A stale scent of alcohol was on his breath, and his words were slurred as he growled, "Got him. Fucking faggot."
I opened my mouth to respond, but a meaty fist slammed into my ribs. It felt at first like I'd been hit by a truck. I revised the assessment as another fist barreled into me. Something popped inside me. The agony was fire, but an icy, sick feeling paralyzed me. I scrabbled at the mountains of muscle before me, but my hands found no purchase. Reagan broke with his abuse of my body to slam my arms against the pavement. Fire arced up both limbs as the harsh gravel tore skin away.
"Brent, get your ass over here," Reagan shouted, panting hard.
"Dude, do we have to do this?" Brent sounded uncertain. He was still a good distance away. His voice rung oddly in my ears. Everything was getting hazy.
"Faggot keeps checking us out in the gym. Gotta teach him a lesson. They don't learn." He punctuated each sentence with another punch to my torso. I would have screamed, but all I could do was wheeze.
Then he started in on my face. The first punch dislocated my jaw. I spat blood all over the front of Reagan's baby blue polo shirt. A snarl of wordless fury erupted from deep within his massive chest.
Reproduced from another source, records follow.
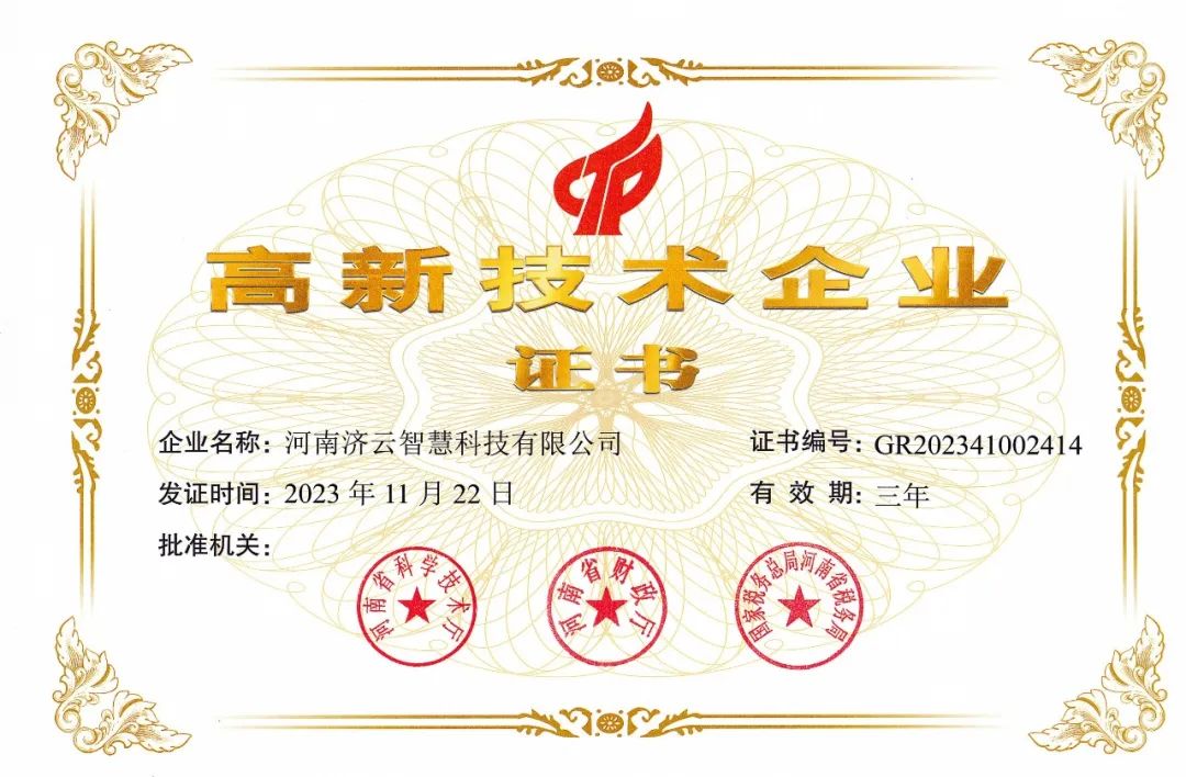 喜報!濟源投資集團所屬濟云智慧榮獲高新技術(shù)企業(yè)證書!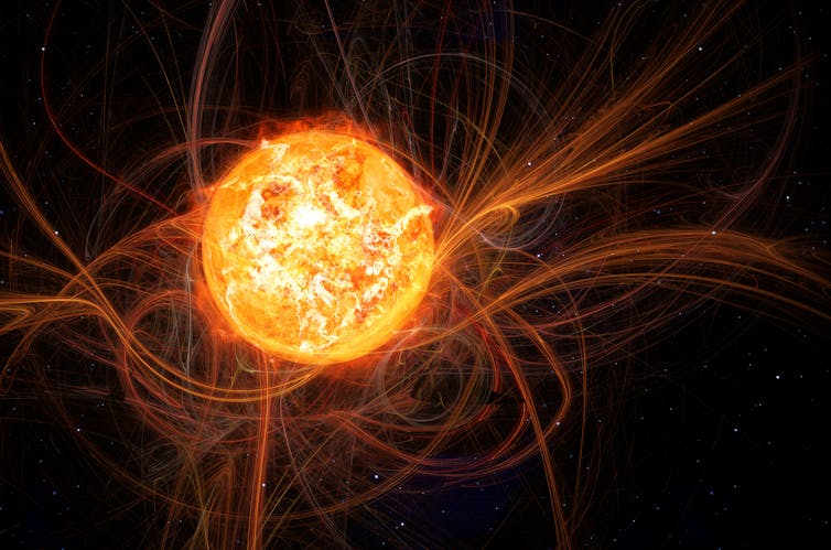 Comme la Terre, le Soleil possède un champ magnétique. Imaginons le champ magnétique comme étant des lignes invisibles reliant les pôles nord et sud d’une étoile ou d’une planète.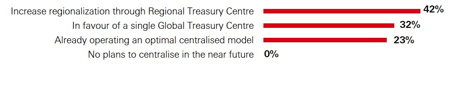 Asked about centralisation, over 40% of treasurers were more enthusiastic about increased regionalisation through Regional Treasury Centres than a single Global Treasury Centre.
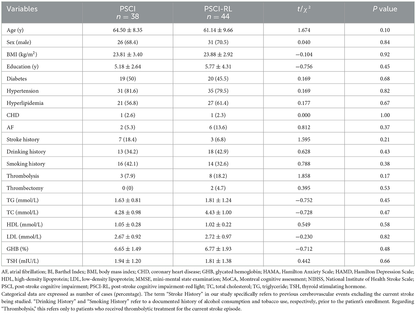 The flow of study participants is shown in Figures 3, 4. A total of 90 patients were enrolled, with both groups receiving standard treatment for cerebrovascular diseases. Eligible patients were randomly assigned in a 1:1 ratio to either the PSCI-RL group (red light therapy) or the PSCI group (sham red light therapy). The randomization sequence was generated using a random number table, without stratification. Allocation was carried out by a designated investigator who was aware of the treatment assignments. To minimize bias, this study employed a single-blind design: patients and outcome assessors were blinded to the treatment allocation, while the interventionists were not blinded due to the practical constraints of administering the therapy. During the trial, one patient in the PSCI-RL group and seven patients in the PSCI group withdrew. Ultimately, 44 patients in the PSCI-RL group and 38 patients in the PSCI group completed the intervention and follow-up.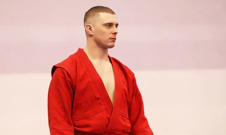 Тифлокомментарий: цветная фотография. На бежевом фоне молодой крепкий спортсмен в красной самбовке. Это Павел Селиванов. У него коротко стриженные русые волосы, выбритые на висках, правильные черты лица, спокойный уверенный взгляд.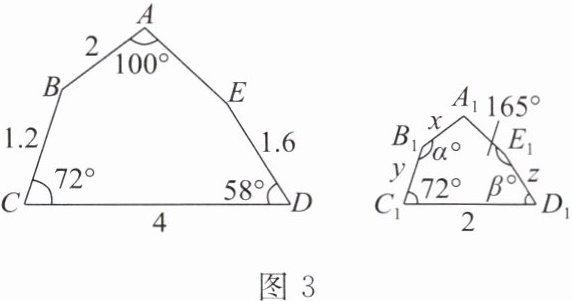 例2 如图3,五边形ABCDE与五边形A₁B₁C₁D₁E₁相似,求边长x,y,z的值及α,β的值.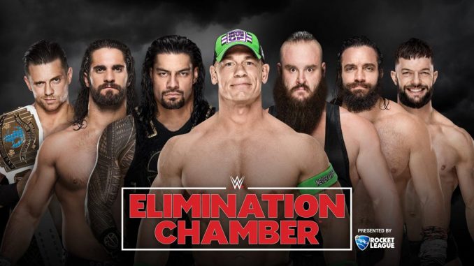ROMAN REIGNS VS JOHN CENA VS THE MIZ VS SETH ROLLINS VS FINN BALOR VS BRAUN STROWMAN VS ELIAS IN THE ELIMINATION CHAMBER MATCH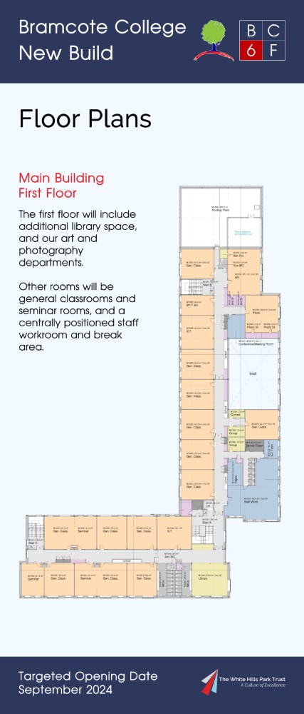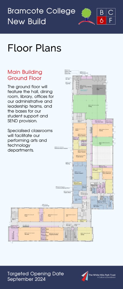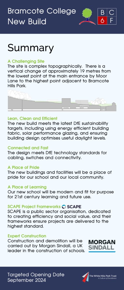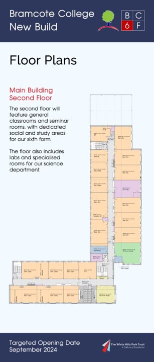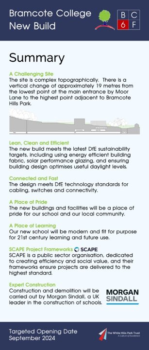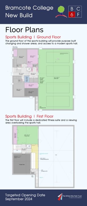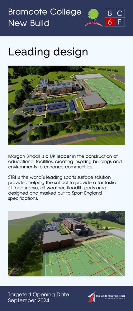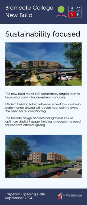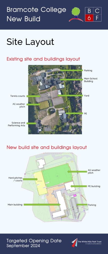 On 15th July 2022 Bramcote College welcomed the public to its Summer Festival, and within the marketing for this, sent to all parents at Bramcote College and posted on social media, was an invitation to view an exhibition of the new build plans. Photographs of the setup, including the looping presentation video used and copies of roll-up banners can be found below. The content was published the same day on Bramcote College's website at https://bramcote.college/newbuild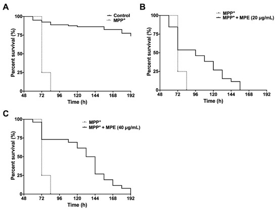 Effects of MPE (20 and 40 μg/mL) on lifespan of C. elegans after MPP+ exposure. MPP+ at concentration of 750 μM reduces C. elegans lifespan, as compared with control group (A). MPE at concentrations 20 μg/mL (B) and 40 μg/mL (C) increase C. elegans lifespan, as compared with toxic MPP+ exposure (750 μM). Survival curves of C. elegans were statistically analyzed by log rank test (Mantel Cox), as compared with MPP+ treatment (n > 100).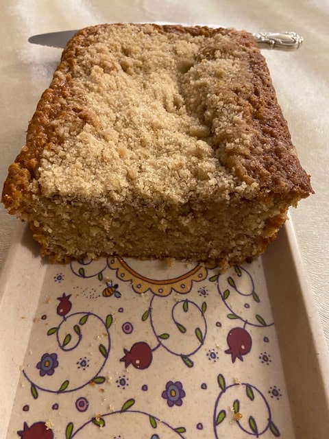 What it turns out to be is not quite a honey cake and not quite an apple cake but gives you an almost caramelized deep flavor that even those who aren’t fans of apple cake or honey cake will embrace. I tested this out on my neighbors Lisa and Murray and on my grandson Noam and of course, DH and my mama. It was a hit. As is often the case with a honey cake, the next day the taste was deeper and richer. I bake this in two loaf pans and yes, they freeze well, so you can have one for Rosh Hashana and another for before the fast of Yom Kippur or for breaking the fast on something sweet. Or ya know, for whenever.
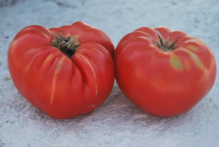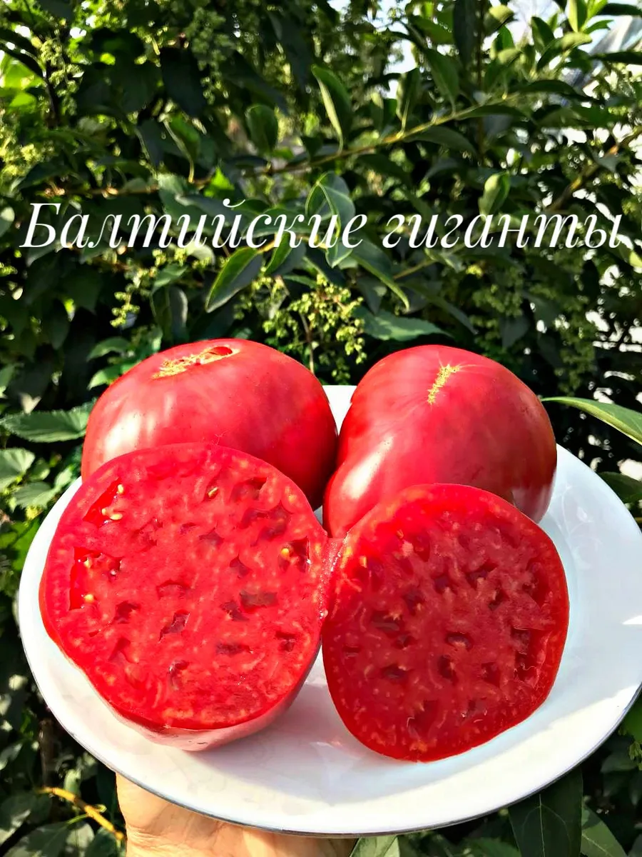 Плоды «Балтийских гигантов» имеют узнаваемую, характерную для многих биф-томатов (крупноплодных салатных томатов) внешность. Их форма плоско-округлая, с ярко выраженной, иногда сильно гофрированной ребристостью в области плодоножки. Эта ребристость — не брак, а визуальный маркер сложного многокамерного внутреннего строения.
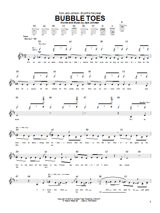 Download or print Jack Johnson Bubble Toes sheet music, chords and digital score arranged for Piano, Vocal & Guitar Chords (Right-Hand Melody). This Folk score includes 8 page(s).
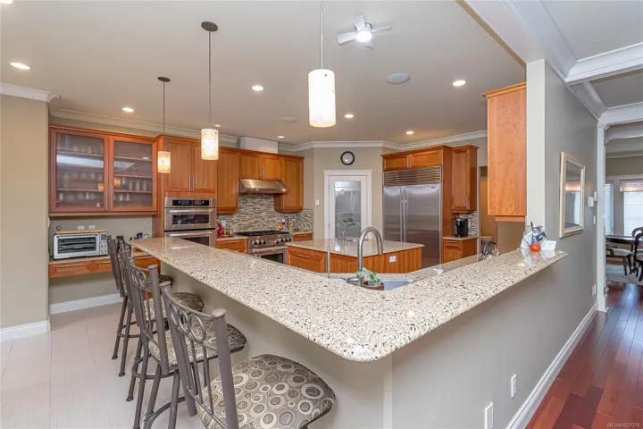 Grand custom-built rancher in a sought-after Chemainus neighbourhood just steps to the ocean and a short stroll to Malcolm Beach. This spacious 3-bedroom, 3-bath home features an inviting open-concept design centered around a gourmet kitchen with high-end Wolf and Sub-Zero appliances, quartz countertops, and an exceptional layout for entertaining family and friends. Rich Brazilian cherry hardwood and tile floors are warmed by in-floor radiant heat and complemented by elegant 9-ft coffered ceilings. The generous primary suite offers an elaborate ensuite with rain shower and soaker tub, along with his and hers walk-in closets fitted with custom cabinetry and organizers. Enjoy ocean views from the property and make the most of the outdoor kitchen patio and gazebo for effortless summer gatherings. Plenty of parking, including dedicated RV space, ensures practicality. Rural in feel yet connected to city water and sewer, this is refined West Coast living in beautiful seaside Chemainus.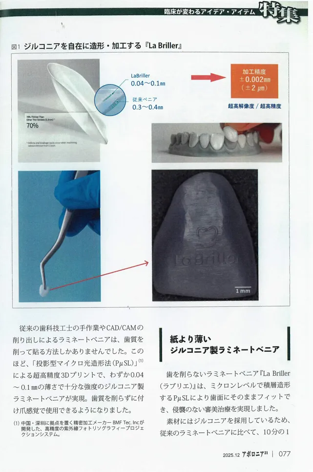 最近、ナノイズムジャパン株式会社が開発したジルコニア超精密加工技術「La Briller」が、歯科医療専門誌『アポロニア21』の2025年12月号に掲載されました。この技術は、ジルコニアを自在に造形・加工することができ、特に超高精度のジルコニアラミネートベニアを実現するものです。

He backhanded me.
"You're going to kill him, Rey, c'mon, someone's gonna see us!" His voice was choked with fear, maybe horror.
My world was dissolving in a haze of red and black I let out a mewling sob, not even bothering to defend myself any more. There was warmth waiting for me, warmth and light beyond the darkness. All I had to do was let go and--
"Oh, shit," Reagan breathed. His gargantuan weight vanished. Lights flashed nearby. The passing car did not stop, but Reagan and Brent were gone in a pattersong of footsteps.
The shock receded over an eternity, leaving behind agony. Somehow, I was still conscious. I tried to let go, to just die, but awareness of the pavement set in to me, and soon I knew there was no chance of just drifting away. The cold was unbearable. I was shuddering. No one came.
So I crawled. Broken bones shooting explosions of agony into my brain. Blood trailing after me. Fury slowly replacing the desperation that the beating had left within me. My hatred burned, but in a good way. It was a comfort, to lose myself in that river of wrath. A fell exhilaration powered my limbs. I was barely aware of the agony as I clambered up to my feet against the side of a furniture shop. The bricks dug into my ruined ribs.
I stumbled like a death thing given unholy life, leaning against the walls of buildings where I could, swaying precipitously across the pavement where there were no walls to support me.
It took me a shorter time than I expected to reach the magic shop. The door was slightly open. The old man was sitting behind the counter. He looked up from a newspaper, his face warping with commingled pity and surprise as I stumbled in. I knew I was no pretty sight.
"Vengeance," I rasped. "I'm ready."
My knees turned to water, and I collapsed.